Structural Genomic Alterations in Hepatocellular Carcinoma and Novel Combination Therapies

Abstract

[eng] INTRODUCTION: Primary liver cancer is the sixth most diagnosed cancer and the second leading cause of cancer-related death worldwide. Around 90% of cases correspond to hepatocellular carcinoma (HCC), which normally arises in the setting of a chronic liver disease. Of all HCC patients, 50-60% will be ultimately exposed to systemic therapies, where the combination of atezolizumab and bevacizumab has become the standard of care in first line. However, only around 30% of patients respond to this therapy. Therefore, there is a need for biomarkers of response/resistance and more knowledge on the mechanisms behind antitumor immunity. In line with this, aneuploidy – the presence of copy-number alterations (CNAs) in chromosome segments due to chromosomal instability- has been linked to immune evasion in some cancer types. In HCC, the biological implications of aneuploidy profiles have not been thoroughly described . The elevated rates of primary resistance to atezolizumab-bevacizumab (70%) highlight the need to develop novel therapeutic strategies. Given that immunotherapeutic agents show better results among tumors with an inflammatory microenvironment and that proangiogenic molecules are immunosuppressive, the antitumor activity of immunotherapy could be enhanced by promoting the infiltration or reactivation of immune cells in combinatorial strategies with antiangiogenic agents. In this context, the tyrosine kinase inhibitor (TKI) cabozantinib is a promising candidate for combination with ICIs. In Western countries, an increasing prevalence of obesity and metabolic syndrome is leading to a higher fraction of HCCs attributed to non-alcoholic steatohepatitis (NASH). Recently, NASH-HCC has been reported as less responsive to immunotherapy due to an expansion of a subset of exhausted infiltrating CD8+ T cells9. Considering the growing evidence for pro- and anti-tumor functions of neutrophils in cancer and HCC, neutrophil phenotype modulation could be a mechanism to overcome NASH-HCC immunotherapy resistance.
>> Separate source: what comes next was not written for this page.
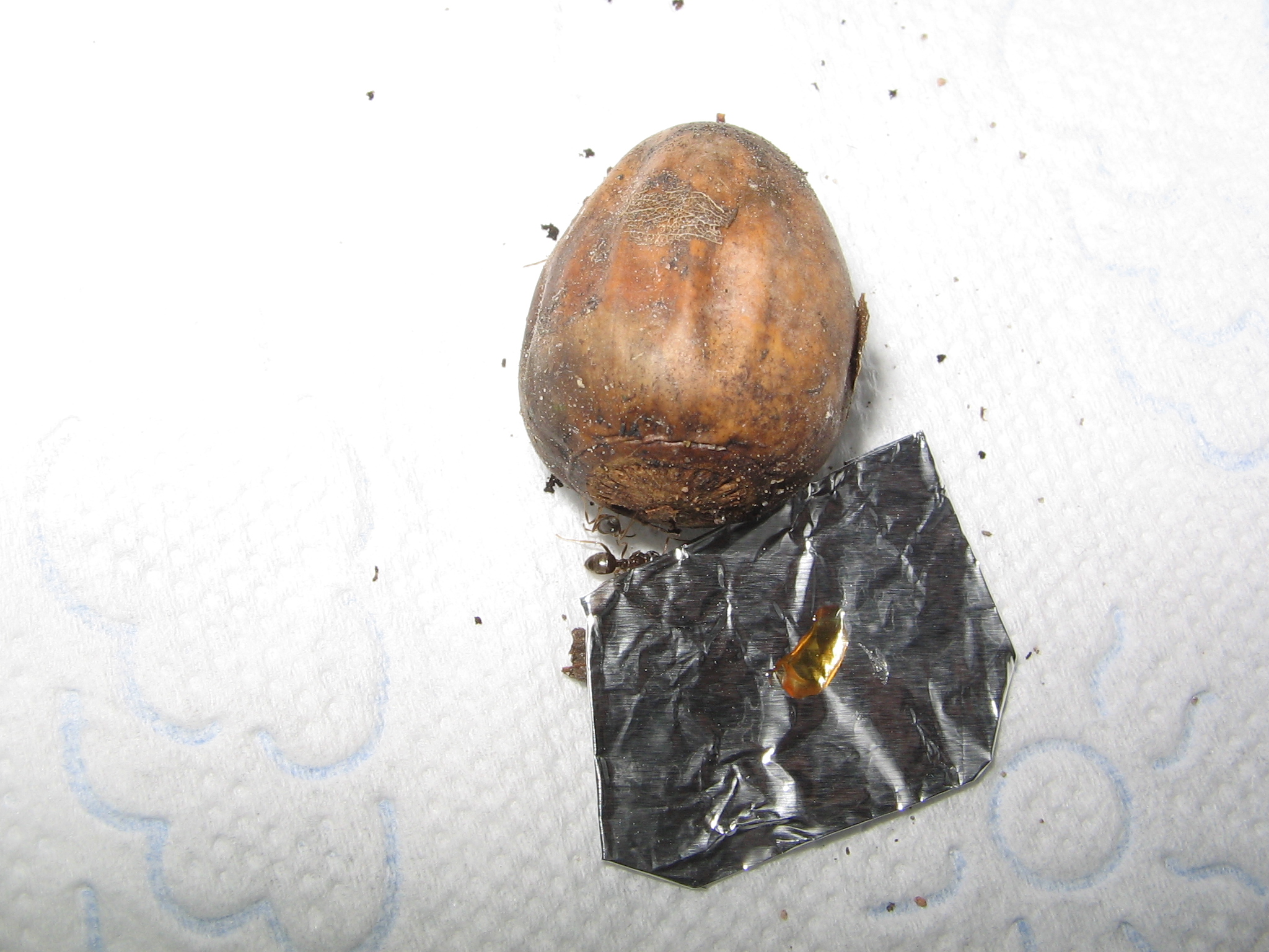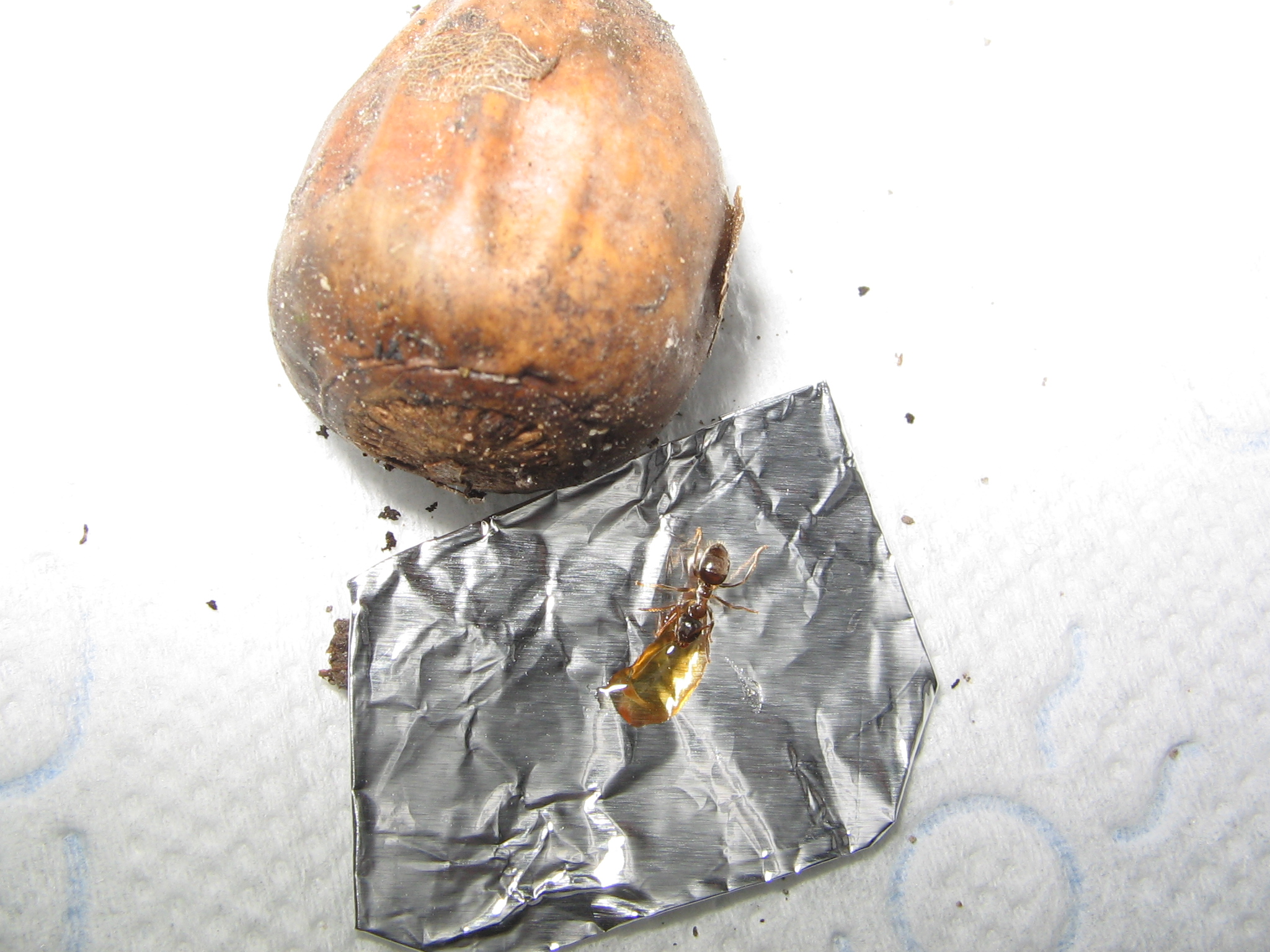 Eine Eichel mit Loch habe ich mitgenommen, da in der nĂ€he eine sehr kleine Ameise herumgelaufen ist. Ich ging also davon aus, dass in der Eichel eine Temnothorax Kolonie wohnt und habe diese mitgenommen. Zuhause angekommen kamen aber plötzlich ganz andere Ameisen als erwartet aus der Eichel, also werde ich diese morgen zurĂŒckbringen.
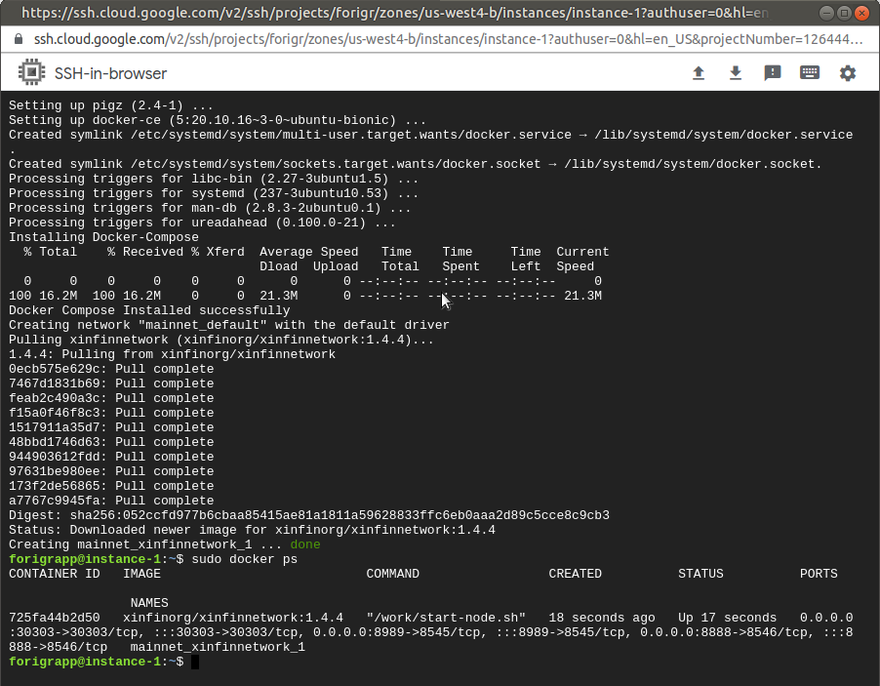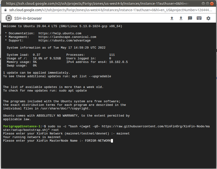 Connect to your Google Cloud instance and run the install script. Enter XinFin Network “mainnet”, and your Master Node Name

HYPOTHESIS: The identification of molecular features/structural genomic alterations linked to antitumor immunity in HCC and the assessment of novel combinatorial strategies with immunotherapies will reveal candidate biomarkers of response or resistance to immunotherapeutic agents and more effective therapeutic options to enhance the antitumor immune response.

AIMS: The specific objectives of the doctoral thesis are: 1. To determine the biological and clinical impact of chromosomal instability in hepatocellular carcinoma and to reveal its association with antitumor immunity. 2. To evaluate the impact of molecular therapies combined with ICIs in preclinical models of HCC. Specifically: 2.1. To explore the antitumoral and immunomodulatory effects of cabozantinib alone and in combination with anti-PD1. 2.2. To evaluate the capacity of a CXCR2 inhibitor to re-sensitize NASH-HCC to anti-PD1 therapy.